In the days following the tornado, the displaced Southmoore players bounced among friends, family members and hotels. Blake Bills, a sophomore outside linebacker, stayed with four different friends in the first four nights after the storm. Most of the players had to borrow clothing; many spent long hours at the school, accepting supplies from benefactors. Almost all of them felt a deeper affection for their teammates and coaches than before the storm. "Football is the only thing I'm thinking about," said Garrison, 48 hours after the tornado, sitting in Brickman's office with half a dozen fellow SaberCats. "These last couple days, my coaches have shown they would give me the shirt off their back, literally. My teammates are my family. I'm so fortunate to have these guys."

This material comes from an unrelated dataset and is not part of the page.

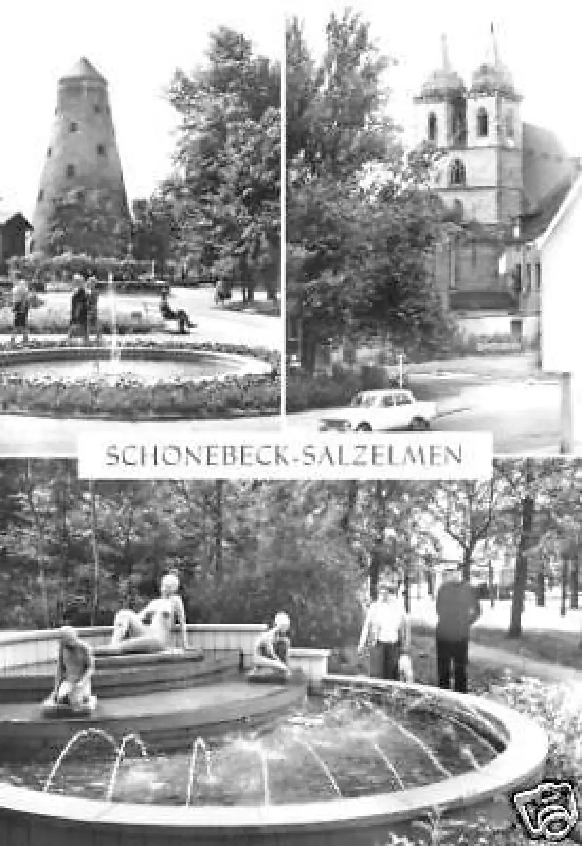 Ansichtskarte Schönebeck - Salzelmen drei Abb., u.a. Johanniskirche Erhaltung I-II ungelaufen Druckvermerk: 1977 Herstellungsland: DDR Verlag: Planet-Verlag Berlin - 03 07 14 024M

Brickman decided not to let the dust settle. He set up a donations page on the team website from which cash will be distributed every Saturday in equal amounts to every displaced sports family in the school. (Last Saturday, $10,461 was given to 40 families in an emotional ceremony just hours before Southmoore's graduation.) This week Southmoore had hoped to sell T-shirts at Thursday's spring game inscribed with SOUTHMOORE STRONG, with all proceeds going to tornado relief. But with the transportation situation forcing the coaching staff to cancel the planned two-day mini-camp, as well as the game, that plan fell through. The cancellation, however, did little to diminish the unifying force of team. The SaberCats will go together to an Oklahoma City water park on Thursday night and then to the Bill Blankenship Football Camp at the University of Tulsa, beginning on July 5.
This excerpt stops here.